When we reached the place, we were told to stand back as a dynamite had been placed to break the huge boulders on the way. We finally reached the other end and here we were to wait till the vehicles that were to drop us at the border arrived. We spent a whole 3 hours waiting there. I had my lunch here. I was getting increasingly tensed every moment as the Chinese office closed at 4 30 pm IST. When we at last reached the friendship bridge it was 4 30 on the dot. A minute’s delay could have done all the damage!

We got into our buses after the Nepalese formalities and loading all the bags took almost an hour. We then got our currency changed back. When we started from Kodari it was 6 00 pm exactly. Nobody talked much in the bus. In half an hour everybody was asleep. It was 15 minutes to midnight when we finally reached Katmandu. We then had our dinner and slept.

DAY 18
In the morning I had a long shower after which we went to Pashupatinath Temple. After Darshan we went back to the hotel and packed our things. After lunch we stayed for a bit and we started for the airport. Our flight to New Delhi was scheduled for departure at 9 30 pm. By the time we completed all formalities at the airport and reached home, it was midnight.

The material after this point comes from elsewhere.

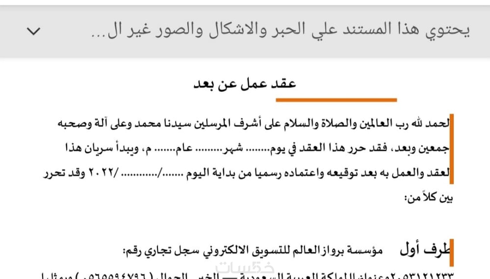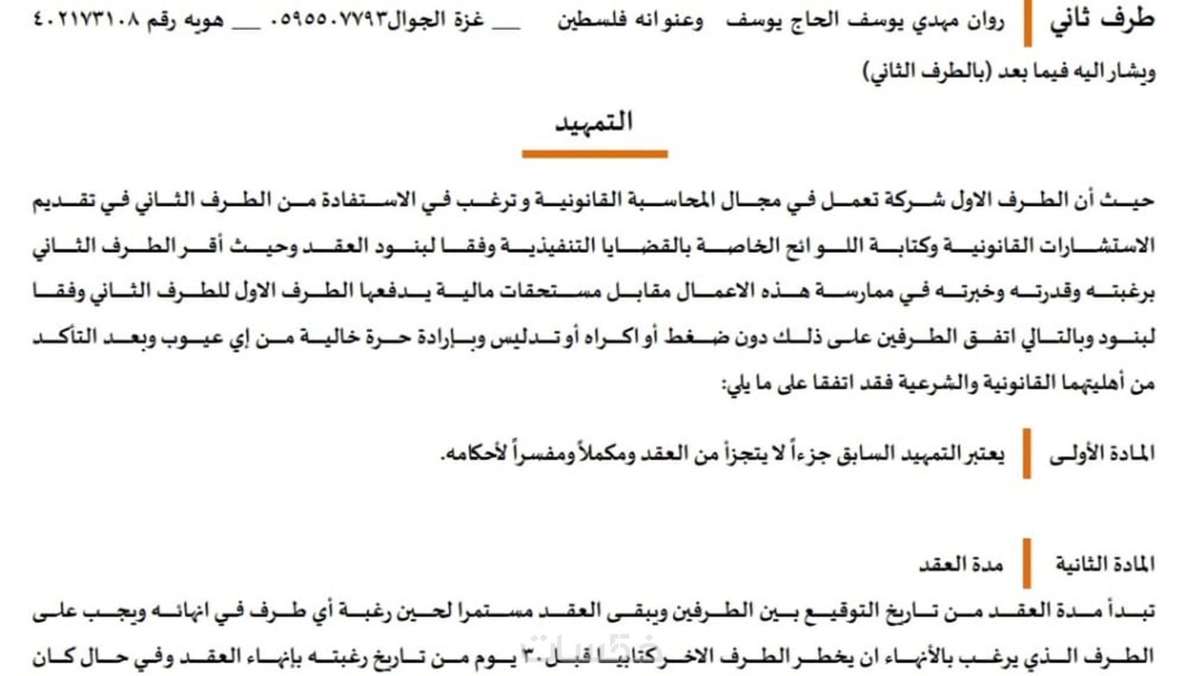 -تسليمك نسختين عن العقد بصيغة وورد وصيغة بي دي اف

At Delhi, I felt as if I had just been brought back from a stupor. The whole experience seemed to me like a dream. The numerous difficulties and hurdles posed to us now make the Yatra all the more memorable. Although we had obstacles at every stage of the Yatra, there is absolutely no doubt that God was with us throughout. For every problem He gave us, He also gave a solution. In this pilgrimage, there is very little humans can do against Nature’s wishes. This was evident during the landslide. Moreover, there is no guarantee for getting Darshan of Kailash. Even after enduring all the difficulties, the sky may be so cloudy that Kailash is hidden from view.

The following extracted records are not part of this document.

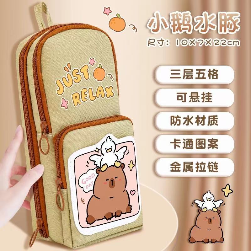 ins 연필 가방 귀여운 다층 대용량 카와이 만화 초등 및 중등 학생을위한 크로스 보더 고급 다기능 문구스토어 가기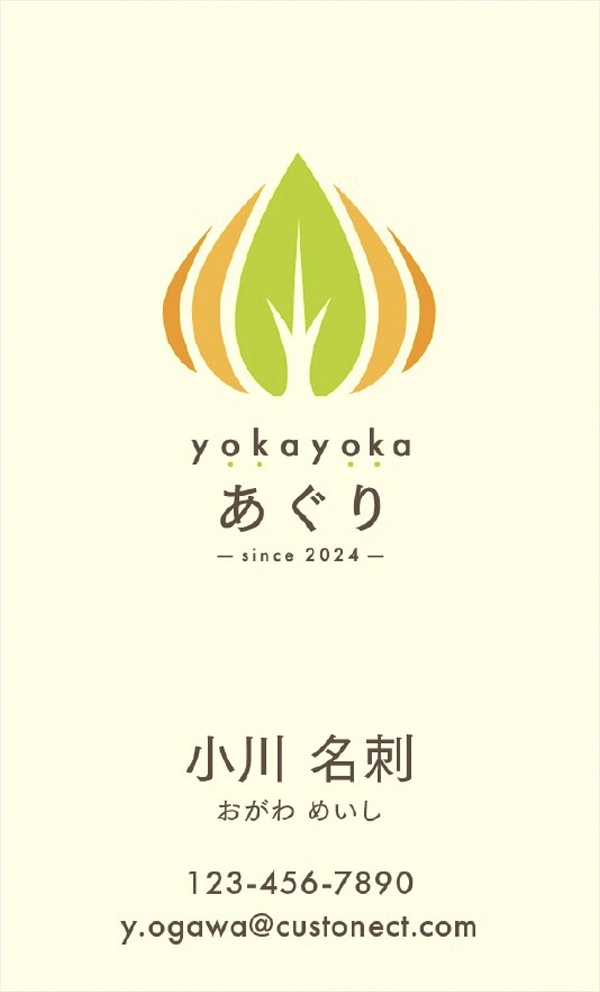 名刺は、ロゴの魅力を引き立てるよう、淡い黄色を基調にすっきりとしたレイアウトで構成。 手に取った方にやさしい印象を与える、親しみやすいデザインとなっています。
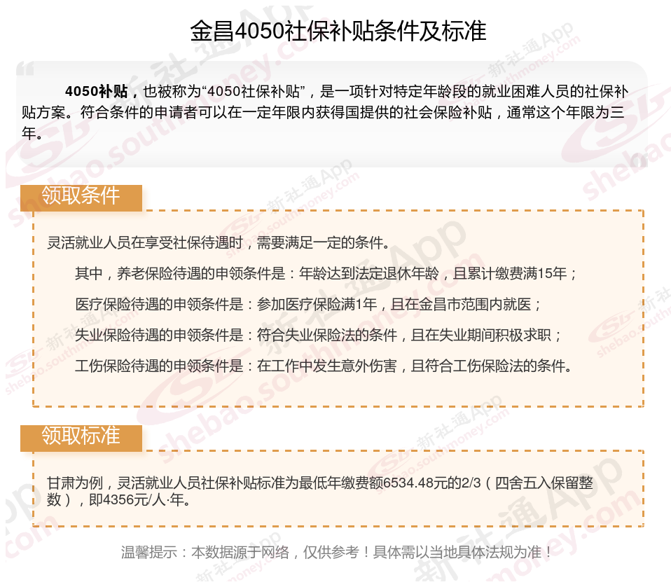 二、2025年金昌4050社保补贴标准及条件

Also, this is one place where human beings are not allowed to make their own rules- every one follows nature’s laws. For instance, nobody can disturb the quiet of the place by shouting or talking loudly. This is ensured by nature for, at that altitude, we are so in need of oxygen we only care to conserve our energy by not talking. This is the place where I realized that we humans are absolutely nothing in front of God. Finally, after reaching home, everybody asked me the same question: how was your experience? My answer to them was always the same: excellent; although I was perfectly aware that this word only expresses 1% of really how amazing the experience was!